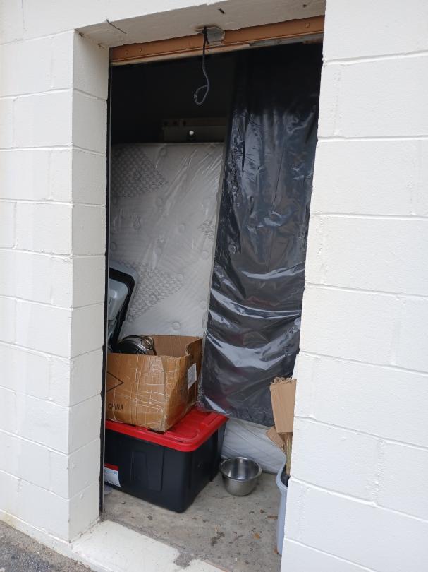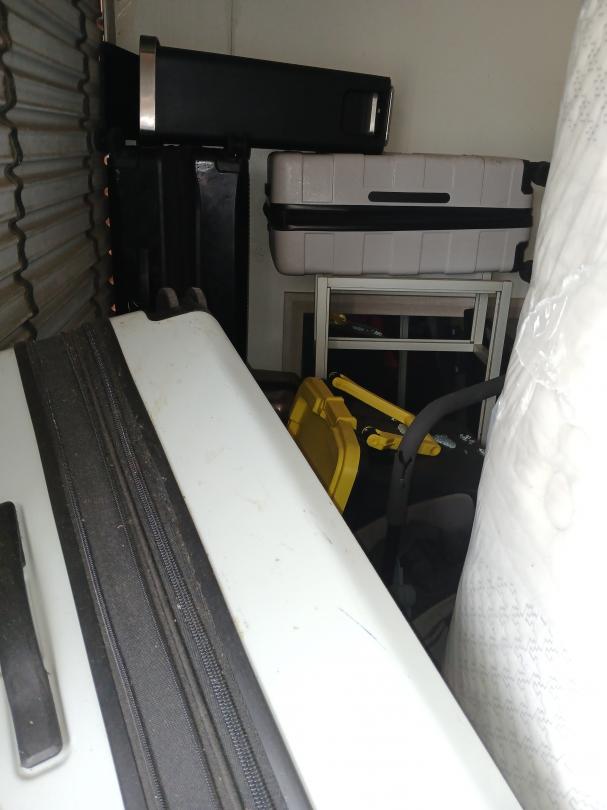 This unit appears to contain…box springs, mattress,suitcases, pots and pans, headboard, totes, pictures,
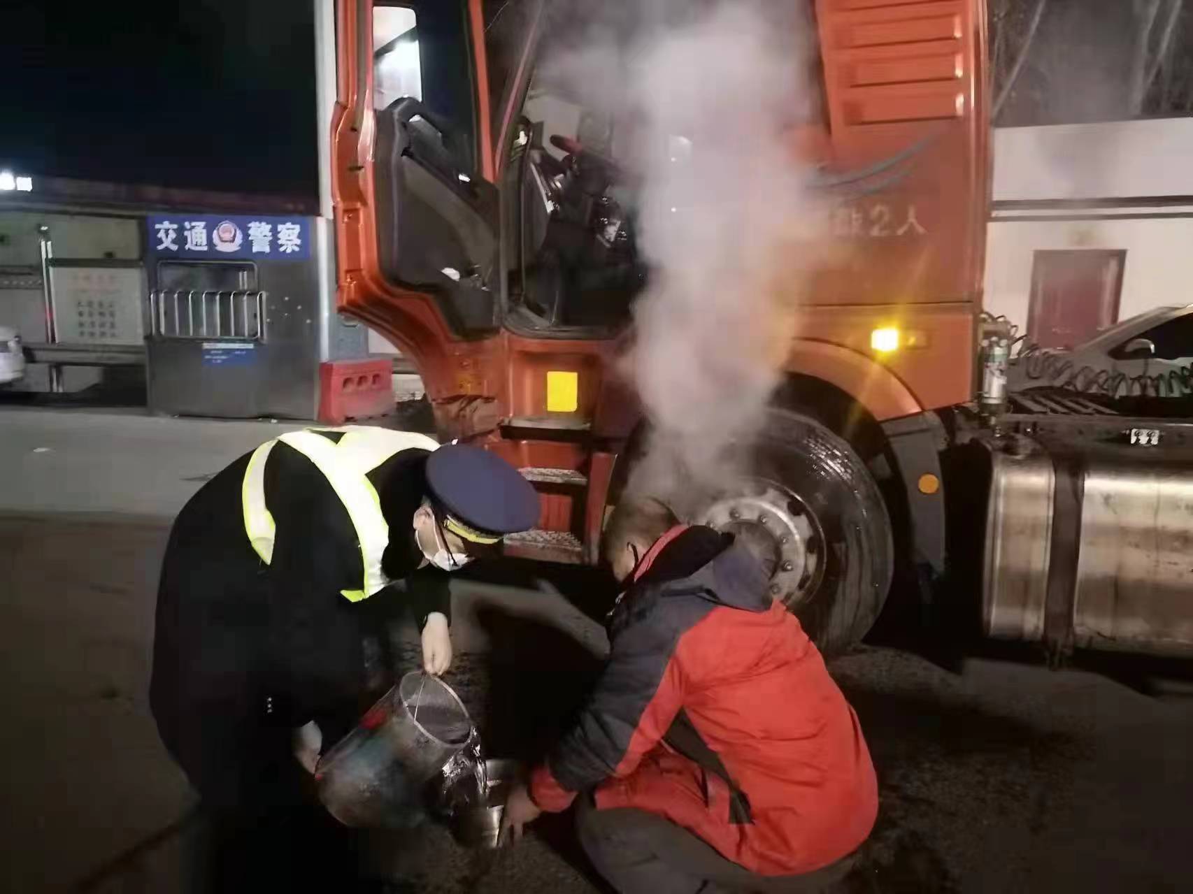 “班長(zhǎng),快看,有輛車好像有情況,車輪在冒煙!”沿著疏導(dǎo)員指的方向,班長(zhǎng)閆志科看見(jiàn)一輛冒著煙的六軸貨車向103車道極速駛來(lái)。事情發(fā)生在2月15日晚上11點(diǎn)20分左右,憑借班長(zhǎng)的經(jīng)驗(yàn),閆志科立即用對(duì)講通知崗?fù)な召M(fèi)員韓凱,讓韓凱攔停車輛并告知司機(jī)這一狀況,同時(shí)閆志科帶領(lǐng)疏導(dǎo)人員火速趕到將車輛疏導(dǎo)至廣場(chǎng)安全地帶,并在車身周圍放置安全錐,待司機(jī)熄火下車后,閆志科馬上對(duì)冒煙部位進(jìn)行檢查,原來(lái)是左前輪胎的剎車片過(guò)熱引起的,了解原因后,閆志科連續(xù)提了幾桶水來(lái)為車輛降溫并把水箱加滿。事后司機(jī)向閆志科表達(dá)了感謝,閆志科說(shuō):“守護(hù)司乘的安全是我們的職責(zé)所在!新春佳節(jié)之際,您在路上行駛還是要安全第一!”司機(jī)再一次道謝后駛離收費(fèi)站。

+---+

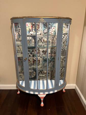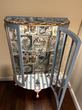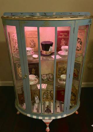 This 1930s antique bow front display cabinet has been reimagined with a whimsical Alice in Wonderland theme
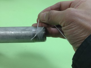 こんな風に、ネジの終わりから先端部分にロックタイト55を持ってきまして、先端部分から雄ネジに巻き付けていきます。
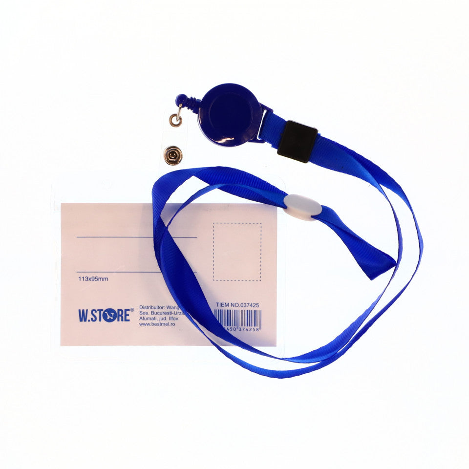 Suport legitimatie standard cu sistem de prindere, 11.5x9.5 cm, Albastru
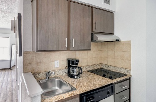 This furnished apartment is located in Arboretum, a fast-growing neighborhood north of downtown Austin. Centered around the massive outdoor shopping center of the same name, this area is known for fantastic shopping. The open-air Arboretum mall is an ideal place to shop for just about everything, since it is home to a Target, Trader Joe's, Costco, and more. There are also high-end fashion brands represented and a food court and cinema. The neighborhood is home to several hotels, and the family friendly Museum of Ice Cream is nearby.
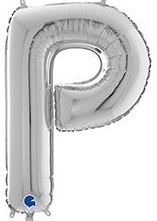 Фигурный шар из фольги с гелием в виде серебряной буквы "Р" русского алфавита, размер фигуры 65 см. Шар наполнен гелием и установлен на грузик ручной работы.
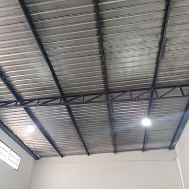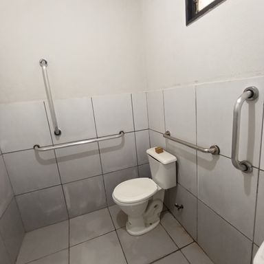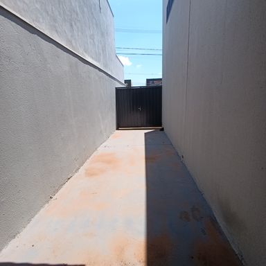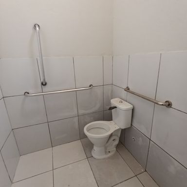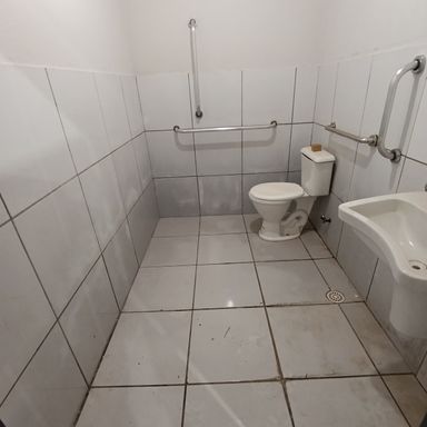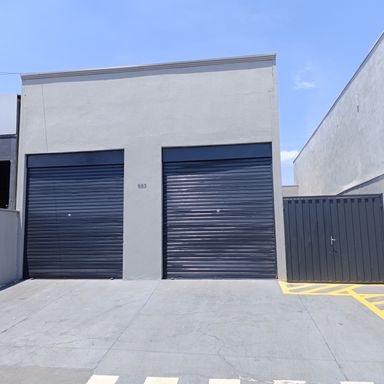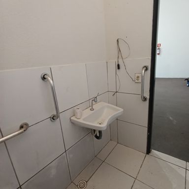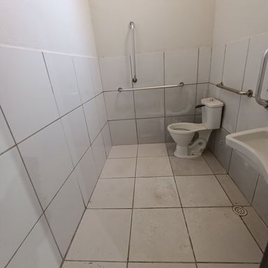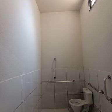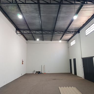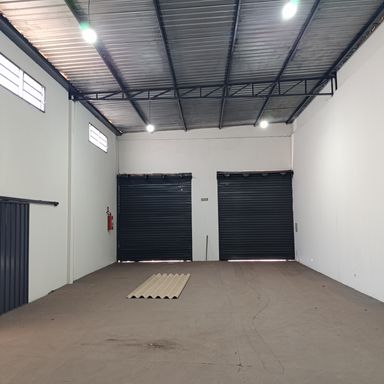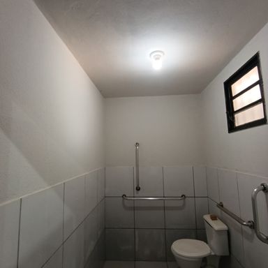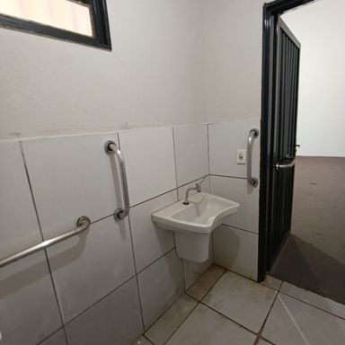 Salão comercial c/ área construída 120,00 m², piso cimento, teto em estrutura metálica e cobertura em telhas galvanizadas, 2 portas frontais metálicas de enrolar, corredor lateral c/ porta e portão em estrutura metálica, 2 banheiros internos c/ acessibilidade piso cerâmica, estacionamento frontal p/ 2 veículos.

+---+

• _Assignment_: From the data above, return only the lines starting at the line that holds "Фигурный шар из" and ending at the line that holds "Salão comercial c/", word for word and without pictures.

• _Answer for this exercise_:
 Фигурный шар из фольги с гелием в виде серебряной буквы "Р" русского алфавита, размер фигуры 65 см. Шар наполнен гелием и установлен на грузик ручной работы.
 Salão comercial c/ área construída 120,00 m², piso cimento, teto em estrutura metálica e cobertura em telhas galvanizadas, 2 portas frontais metálicas de enrolar, corredor lateral c/ porta e portão em estrutura metálica, 2 banheiros internos c/ acessibilidade piso cerâmica, estacionamento frontal p/ 2 veículos.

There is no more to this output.